BackgroundPeanut allergy is one of the most common food allergies in childhood in many parts of the world, often appearing already during the first two years of life. The prevalence has been estimated to be 1- 2% but this figure varies widely between studies from different countries and also depends on how the diagnosis is made e.g. “reported disease” vs. “challenge verified disease”(1, 2).

Peanut allergic infants often have a concomitant allergy to other foods e.g. egg and milk. Unlike milk and egg allergy, peanut allergy used to be considered a lifelong disease. However, it is now reported that approximately 20% of peanut allergic children develop tolerance within the first five years of life, and that in those with low peanut-specific IgE levels as many as 50-60% may outgrow their peanut allergy(3, 4).

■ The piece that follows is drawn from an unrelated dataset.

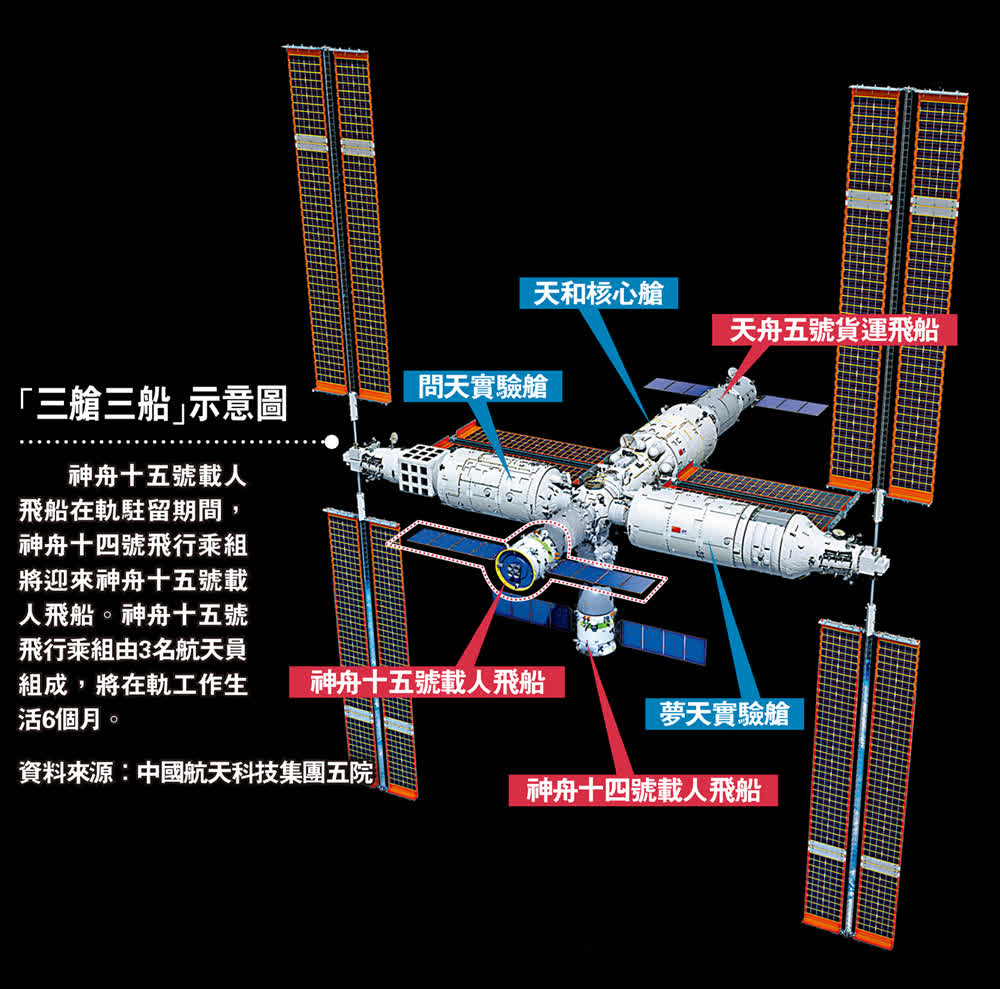 3名航天員目前已抵達中國空間站,與神舟十四號航天員陳冬、劉洋、蔡旭哲相聚太空。中國首次實現了空間站6個型號艙段組合體結構和6名航天員在軌駐留的「太空會師」。後續,他們將共同在空間站工作生活約5天時間,完成各項既定任務和交接工作。

The frequency of peanut allergy appears to have increased during recent years and as allergy to peanut and tree nuts often lead to severe systemic reactions and anaphylactic shock, they have received much attention(5-9). In the few cases where peanut allergy leads to fatal reactions, mainly adolescents and young adults with concomitant asthma are affected(10, 11).

Peanut allergen components have since several years been used in clinical studies, showing the relation between different sensitization phenotypes and clinical manifestations of peanut allergy. Some of the previous conclusions drawn on prevalence, incidence and tolerance development in peanut allergy based on peanut extract tests may have to be re-evaluated with these new tools.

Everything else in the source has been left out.